By Nicole Colson | April 1, 2005 | Page 2

WHAT COULD drive a child to kill? That's the question residents of the Red Lake Indian Reservation in Minnesota are asking after 16-year-old Jeff Weise shot to death his grandfather and grandfather's partner, before killing seven people at Red Lake High School--including a teacher, security guard and five classmates--and finally turning the gun on himself.

This is the worst school shooting since the killings at Columbine High School in Littleton, Colo., in 1999.

The media focused on the strange blend of neo-Nazi politics that Weise, an Native American, seemingly embraced. But the real source of such a desperate and terrible act--the systematic racism and poverty directed at American Indians--was barely mentioned.

The deck was stacked against Jeff Weise from an early age. His mother was an alcoholic and, according to Jeff's grandmother, would lock him out of the house. In 1997, when he was just 8, Jeff's father committed suicide after a standoff with police on the Red Lake reservation. Months later, his mother was left with major brain damage following a car accident, and Jeff was sent to live with relatives.

Internet postings show that Jeff became attracted to the idea of "racial purity" and expressed admiration for Hitler. Following his own suicide attempt, he was placed on the anti-depressant Prozac--which studies suggest can cause an increased risk of suicidal thinking and behavior in children. He had stopped attending Red Lake High School twice in the past school year because he became severely depressed.

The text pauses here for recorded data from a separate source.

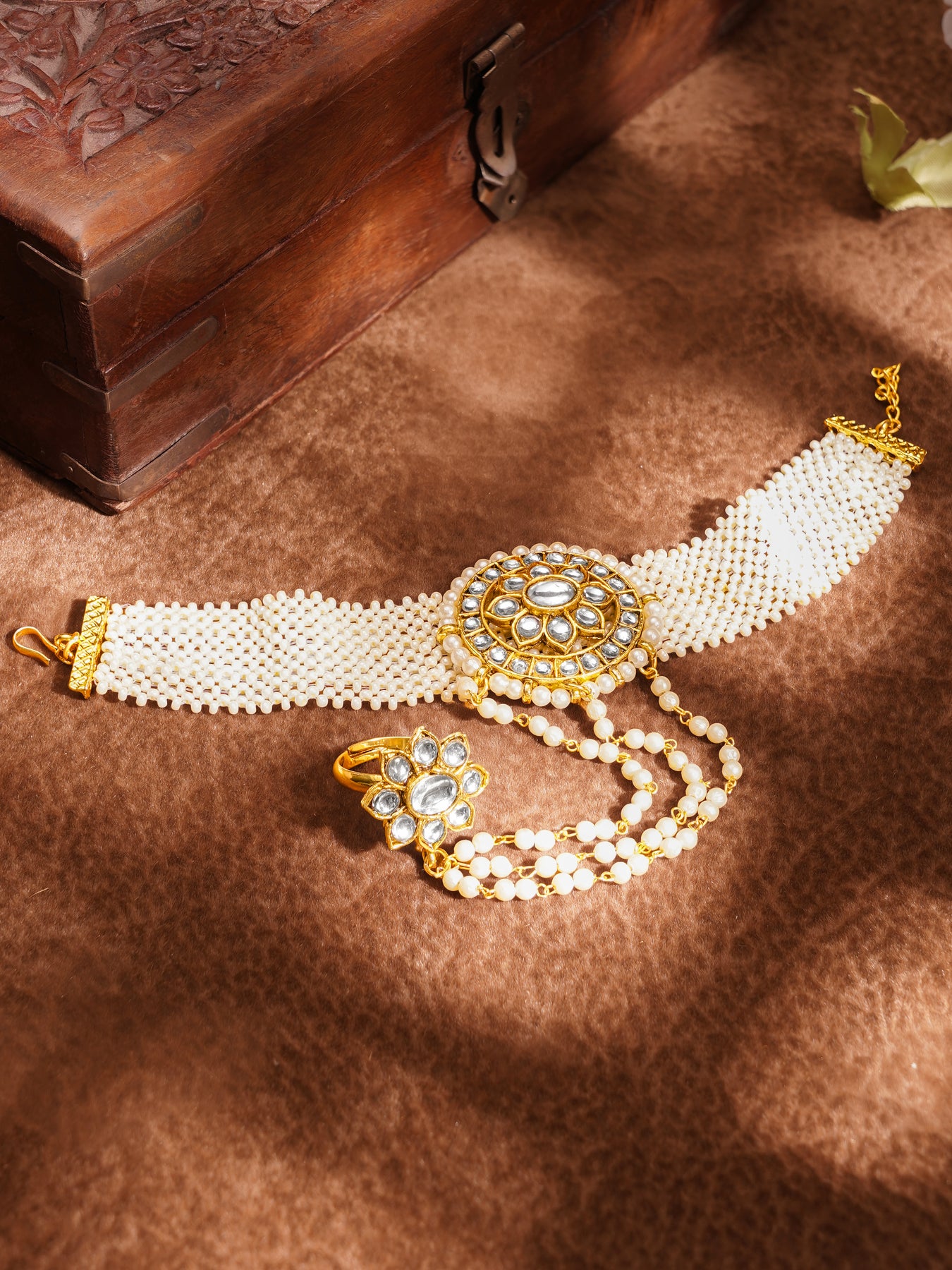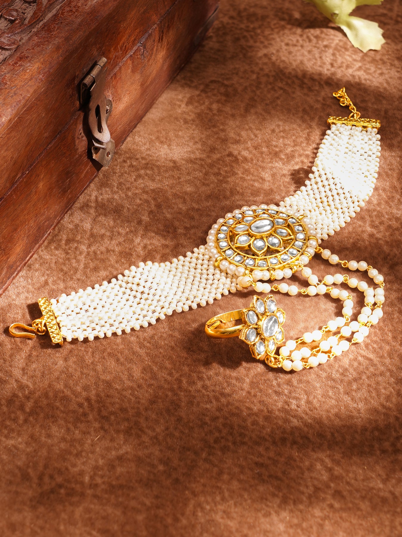 Statement Pearl Kundan Haathphool Bracelet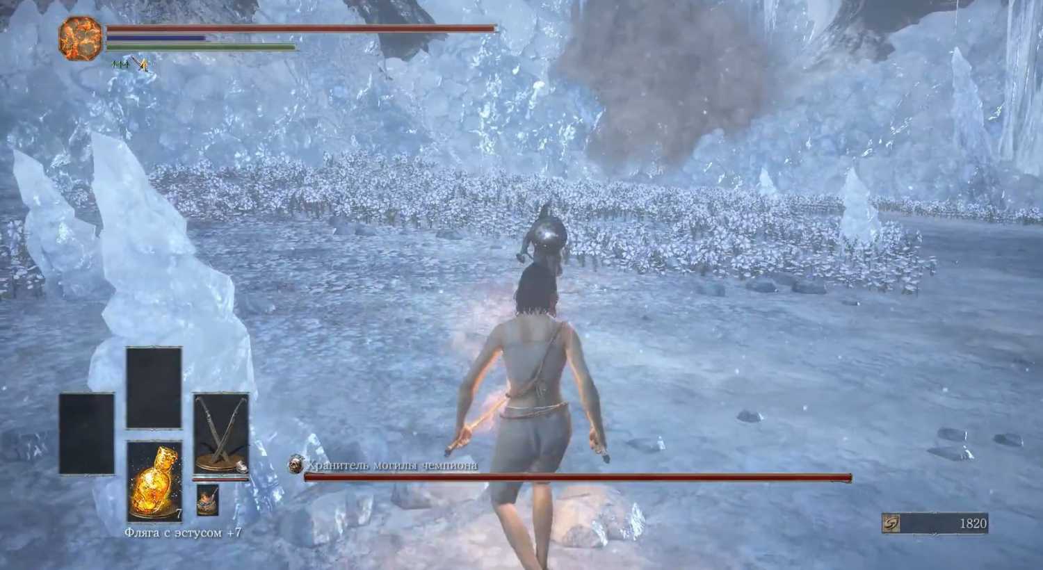 Хорошая тактика – постараться убить хранителя быстро (для этого есть окно между атаками, когда он трубит). На нем можно использовать темную руку и священное пламя.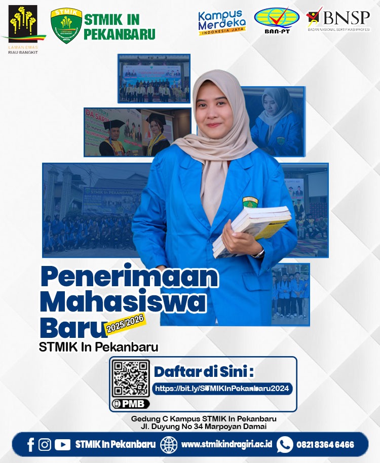 Telah dibuka kembali pendaftaran calon mahasiswa baru! Jangan lewatkan kesempatan emas untuk meraih masa depan cerah di STMIK In Pekanbaru. Kami membuka pintu lebar bagi Anda yang ingin mengembangkan potensi diri dan meraih gelar sarjana impian. Dengan lingkungan belajar yang kondusif, dosen-dosen berpengalaman, dan fasilitas modern, STMIK In Pekanbaru siap mengantarkan Anda menuju kesuksesan. Jadilah bagian dari generasi cerdas dan inovatif yang akan membawa perubahan positif bagi bangsa. Daftar sekarang dan mulailah perjalanan meraih impian Anda bersama STMIK In Pekanbaru! info pendaftaran kunjungi link berikut https://bit.ly/STMIKINPEKANBARU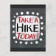 "Take A Hike Today" ist ein niedliches Textdesign in Grau mit schwarzem und rotem Text. Er sitzt auf einer weißen Akzent-Form und niedliche weiße Polka-Punkte, die ihn umgeben.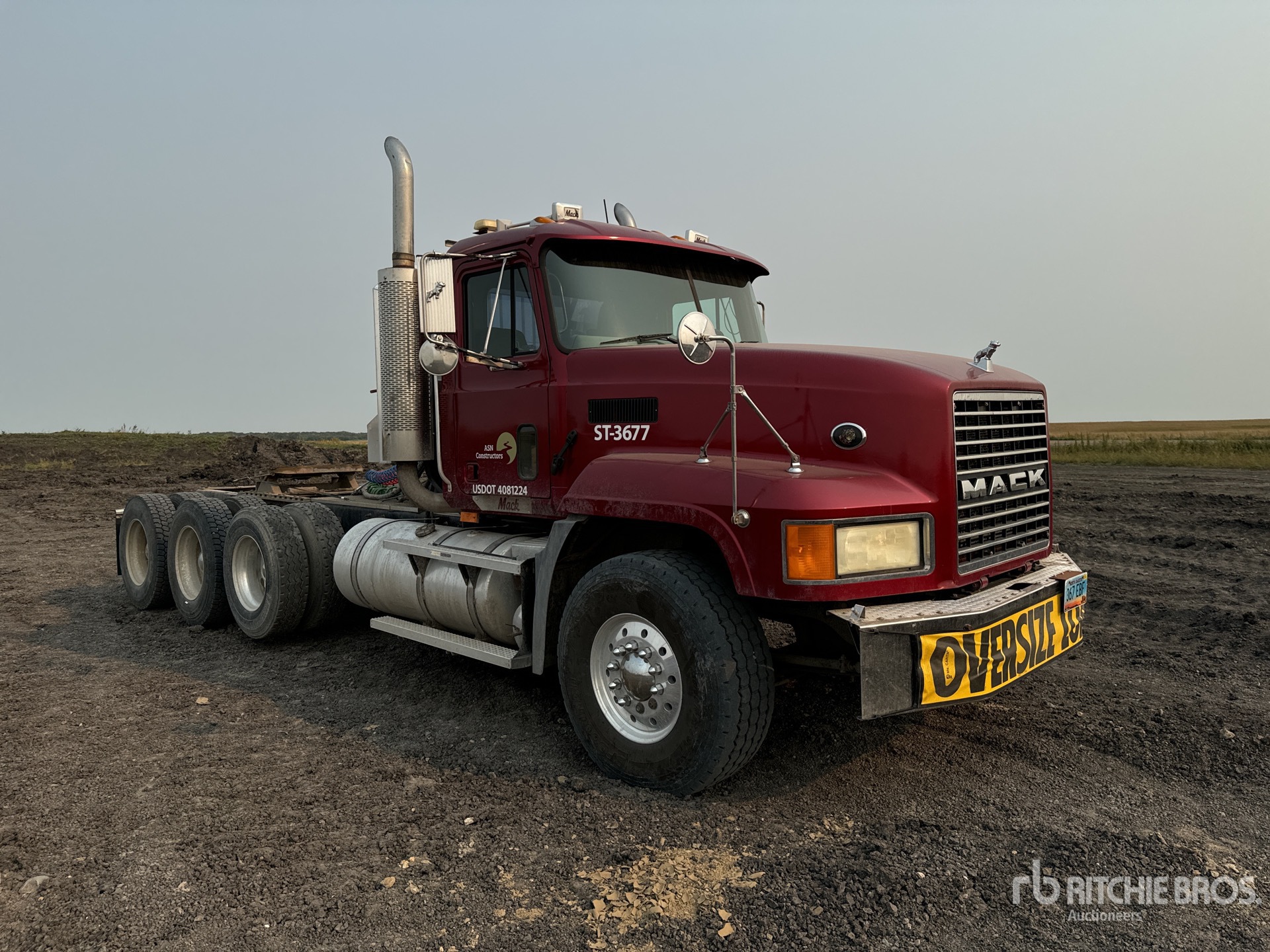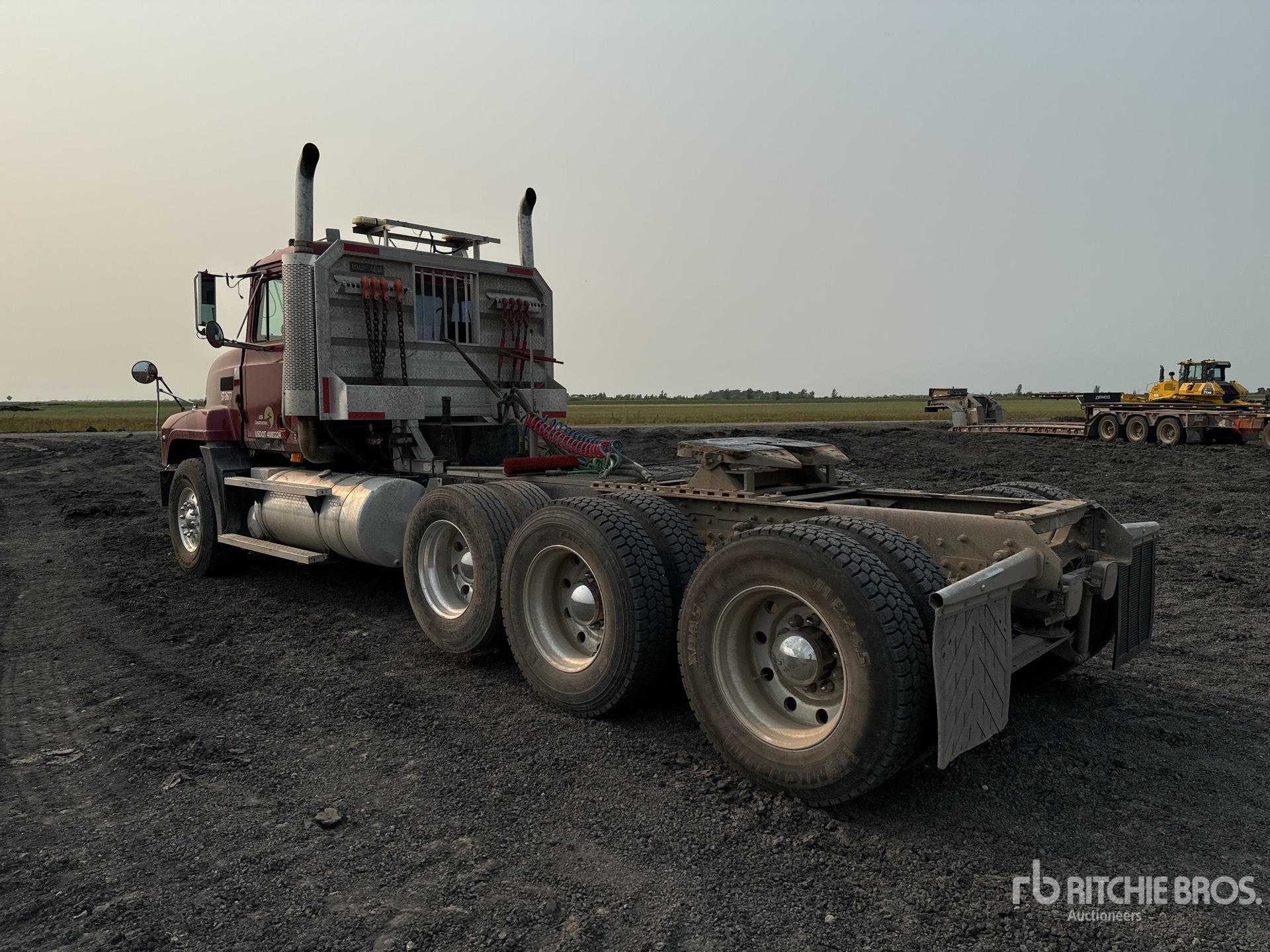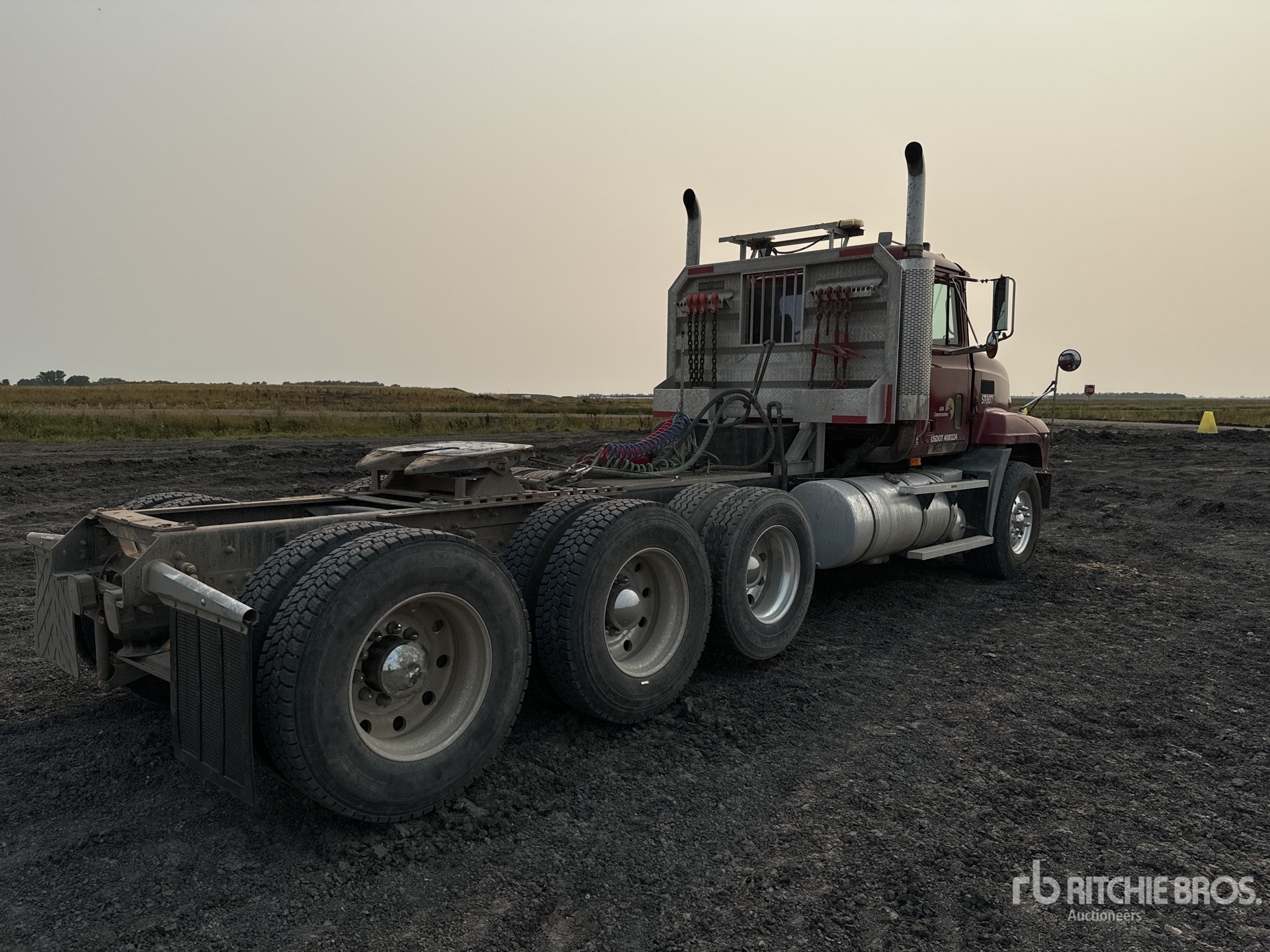 Cummins 6 Cylinder Diesel Engine, 2001 US EPA Label, Engine Brake, Mack T2180 18-Speed Manual Transmission, Dana 19QF4422 Drive Axles, Air Ride Cab, 15538.1 Engine hrs, Aluminum Wheels, 425/65R22.5 Front Tires, 11R24.5 Rear Tires, Air Lift Pusher Axle, Dual Steering Boxes, Double Frame, Air Ride Suspension, 233 in Wheelbase, PTO, Wet Kit, Air Sliding 5th Wheel, Headache Rack, Dual Fuel Tanks

Like much of the reservation system, Red Lake suffers from high rates of poverty, lack of funding and social problems. According to the Minneapolis Star Tribune, in 2004, four out of five students at the high school lived in poverty according to official government standards. Although poverty levels at Red Lake declined somewhat during the 1990s, more than four out of 10 Red Lake residents are unemployed.

This kind of poverty and systematic racism clearly took a toll on Weise. In Internet postings, he described the reservation as a place where people "choose alcohol over friendship," and where he could not escape "the grave I'm continually digging for myself."

Ojibwa Nation tribal elders have been understandably reluctant to allow the press to dissect reservation life. But as Sister Sharon Sheridan, principal of St. Mary's Mission School on the Red Lake reservation, told the Washington Post: "You can't condone what happened here, but you sure can understand it."

Ironically, the FBI says it has more than $200,000 in funds available for the "victims of mass violence" for those at Red Lake. Where were the government resources before this tragedy occurred? Native Americans have been the victims of "mass violence" for centuries--at the hands of a government that systematically sought to exterminate and imprison them on reservations.

George Bush gave new meaning to the word hypocrisy last week, as he used the media to talk about the need for a culture of "life" in the Terri Schiavo case. Yet it took him a full four days before he bothered to call Ojibwa tribal elders to express his condolences. Where was his concern for the lives of the children at Red Lake?